The Power of Unreasonable People
- Author: John Elkington, Pamela Hartigan
- Language: English
- Publisher: Harvard Business Review Press
- Publication date: January 7, 2008
- Pages: 272
- ISBN: 1422104060
- OCLC: 820364879

= The Power of Unreasonable People =

2008 non-fiction book

The Power of Unreasonable People: How Social Entrepreneurs Create Markets that Change the World is a 2008 non-fiction book written by John Elkington and Pamela Hartigan and published by Harvard Business School . The title of the book is based on a quote from Irish playwright George Bernard Shaw: "The reasonable man adapts himself to the world; the unreasonable man persists in trying to adapt the world to himself. Therefore, all progress depends on the unreasonable man." The book focuses on two groups of "Unreasonable People": social entrepreneurs and environmental entrepreneurs.

== Sections ==
The book is divided into three sections:

=== Building Innovative Enterprises ===
The first section of the book discusses in depth the process of creating successful business models and tapping financial resources. Examples discussed include Barefoot College, Aravind Eye Hospital, and Whole Foods Market. The authors also briefly cover different methods of obtaining finances.
 One of the fascinating examples of how social entrepreneur Bunker Roy is completely changing remote and destitute villages all over India and beyond is through his business named “Barefoot College”. The authors' John Elkington and Pamela Hartigan go into more detail of Roy's vision of providing first electric through solar panels and then other essentials to a thriving community such as clean running water, health care, education and jobs. This book goes into more detail of this one and many more enterprises centered on helping people while creating capital.
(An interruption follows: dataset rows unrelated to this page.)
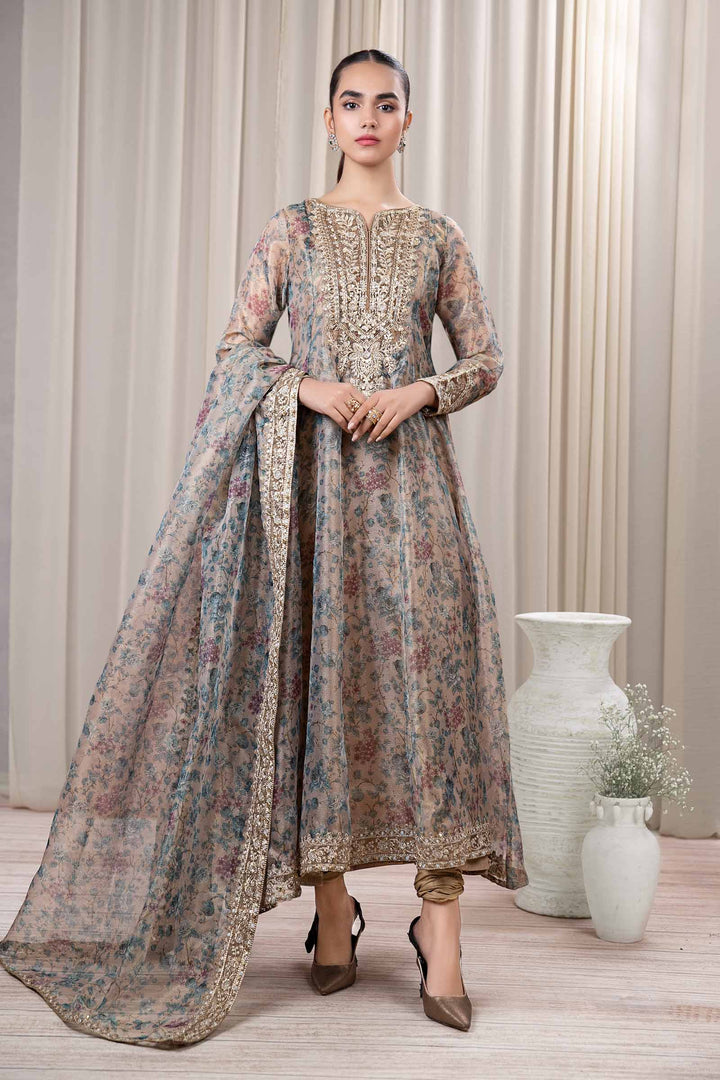 3 Piece Printed Organza Masoori Net Suit  DWEF265-ESM-BEG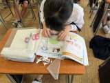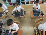 習字の準備、片付けの仕方の学習をしました。毛筆の学習を楽しみにしている子供たち...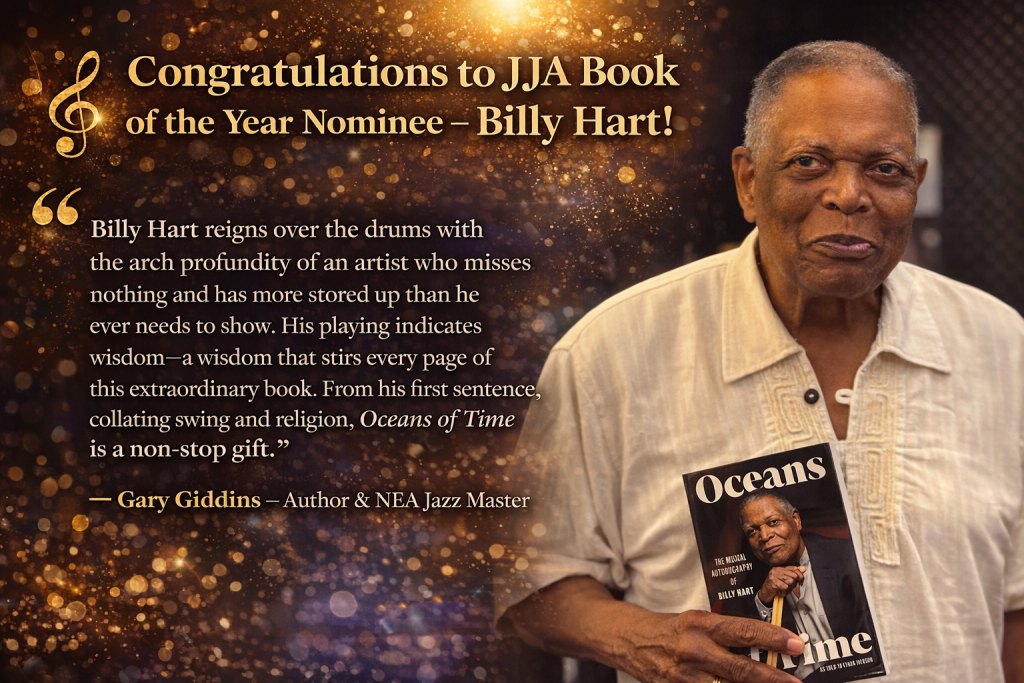 Cymbal Press is thrilled to learn that the Jazz Journalists Association has named Oceans of Time – The Musical Autobiography by Billy Hart (with Ethan Iverson) as a finalist for best biographical book of the year in the biography/autobiography category! This exceptional honor follows Oceans of Time being named one of NPR’s Best Books of 2025!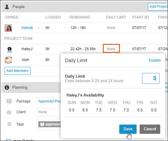 Setting a daily limit on a project can be used to limit the number of hours per day that a team member can be scheduled to work on a project. For example, when you have a team member working on two different projects, you can limit his/her availability for Project One to 3 hours per day, and Project Two to 2 hours per day.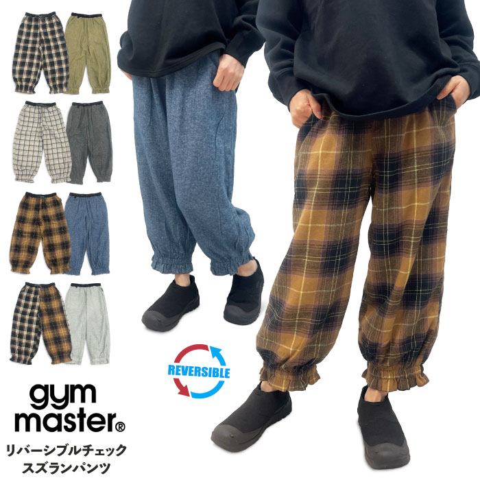 gym master ジムマスター レディース リバーシブルチェックスズランパンツ フランネル 無地 ワイドパンツ ゆったり イー...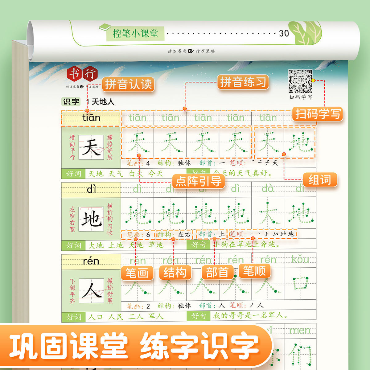 书行2025一年级二年级字帖练字帖小学生专用每日30字三四五六上册下册一练控笔训练儿童人教版语文同步练习练字本好句好词点阵汉字

=== Creating the Markets of the Future ===
The second section of the book discusses some of the steps necessary to create successful markets. It discusses the identification of market opportunities and raising expectations. Poverty is also discussed, specifically why many of the new social businesses and NGOs are focusing on the bottom of the pyramid markets.
Pierre Omidyar, founder of the huge internet marketplace eBay was quoted in saying, “…if you want to have global impact you can’t ignore business…but (aim to create) business models that provoke social change…”. This leads to the exploration of social entrepreneurs who are not averse to making a profit, but think outside the box when it comes to improving communities. Rather than simply distributing aid, social entrepreneurs focus on partnering with members of poorer communities to help them create solutions to their problems using sustainable means - means that are reliant on the abilities of members of those communities rather than the generosity of others.
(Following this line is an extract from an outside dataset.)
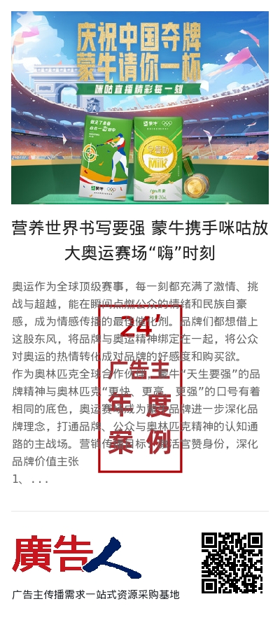 作为奥林匹克全球合作伙伴,蒙牛“天生要强”的品牌精神与奥林匹克“更快、更高、更强”的口号有着相同的底色,奥运赛场成为蒙牛品牌进一步深化品牌理念,打通品牌、公众与奥林匹克精神的认知通路的主战场。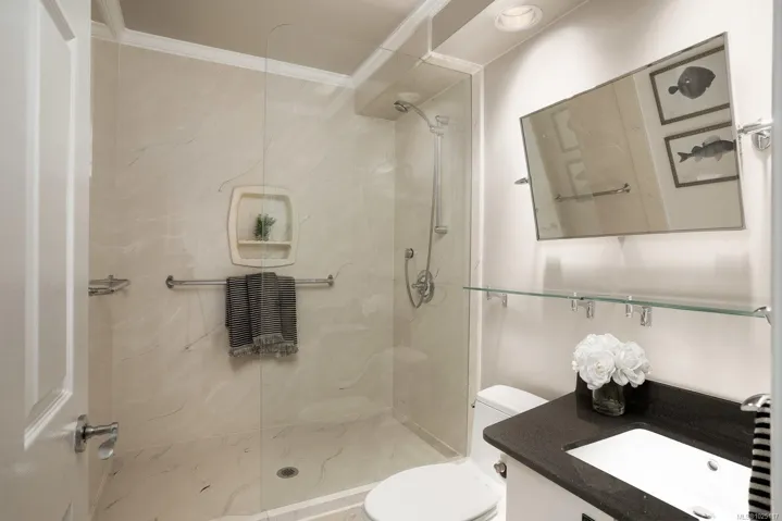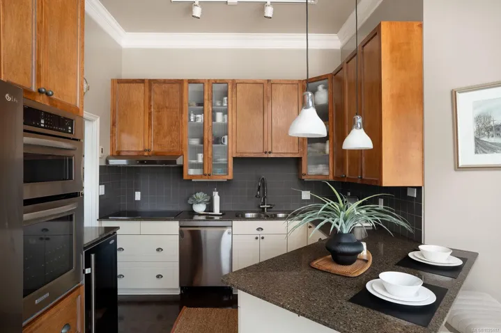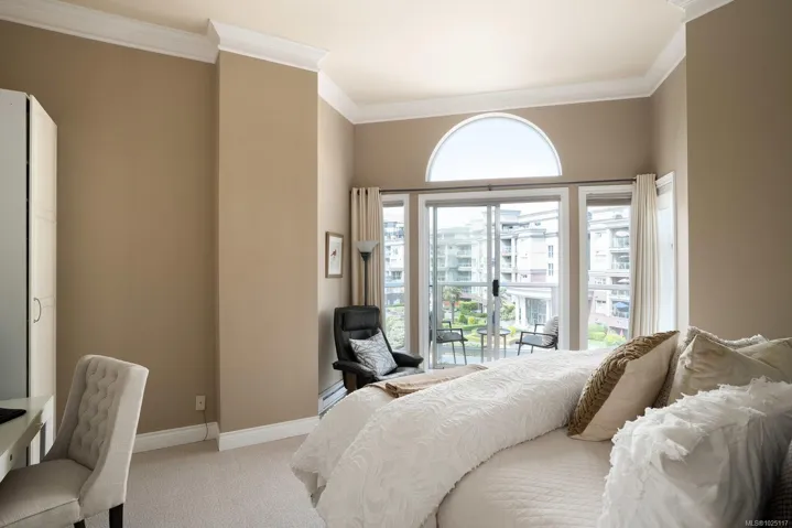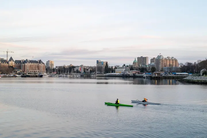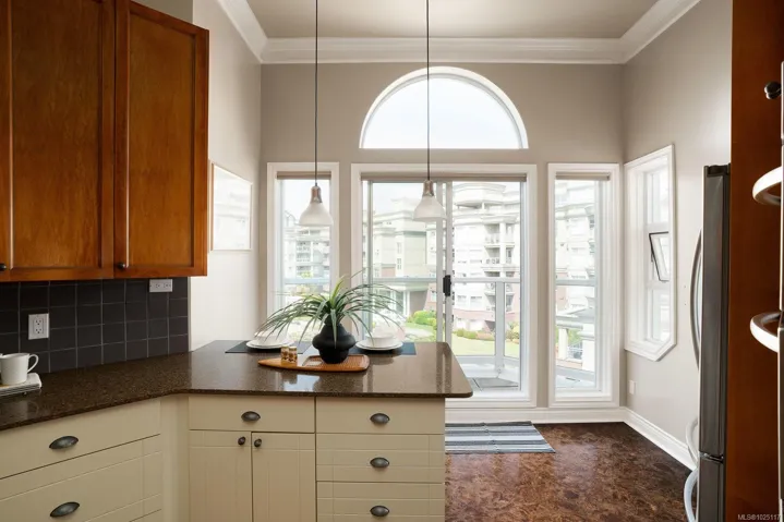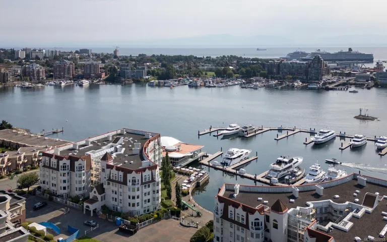 Soaring 11ft ceilings set the tone for this chic & spacious Corner Penthouse in prestigious Royal Quays, located in the heart of the Songhees. With 1,572 sqft of updated living space, this 2bed, 2bath home blends style & comfort w/Ocean glimpses w/float planes & kayaks passing by & downtown lights sparkling at night. A cozy gas fireplace warms the winters & 4 balconies invite you to soak in the surroundings year-round. The ideal layout places the bdrms on opposite sides of the condo, offering both privacy & functionality. Additional highlights incl. a functional kitchen, large laundry room & underground parking stall w/storage locker. Step outside & experience the Songhees lifestyle—walk the waterfront trail from West Bay Marina to downtown Victoria, w/local favourites like Spinnakers & Boom+Batten just steps from your door. Royal Quays offers an exceptional blend of luxury, convenience & community. A rare opportunity to experience penthouse living at its finest, along the waters edge.

=== Creating Sustainable and Scalable Change ===
The third section of the book focuses on leadership and sustainable and scalable change. The chapter topics include democratizing technology, changing the system, and scaling solutions.

== Reception ==
In a Stanford Social Innovation Review article, Rick Aubry writes, "Pamela Hartigan and John Elkington have written an essential book for anyone interested in understanding the phenomenon of social entrepreneurship. Their comprehensive and thoughtful book offers a great single source for understanding the amazing variety of social entrepreneurs throughout the world."

The Stanford Social Innovation and Review wrote that The Power of Unreasonable People, “should be on the shortlist of required reading on social entrepreneurship.”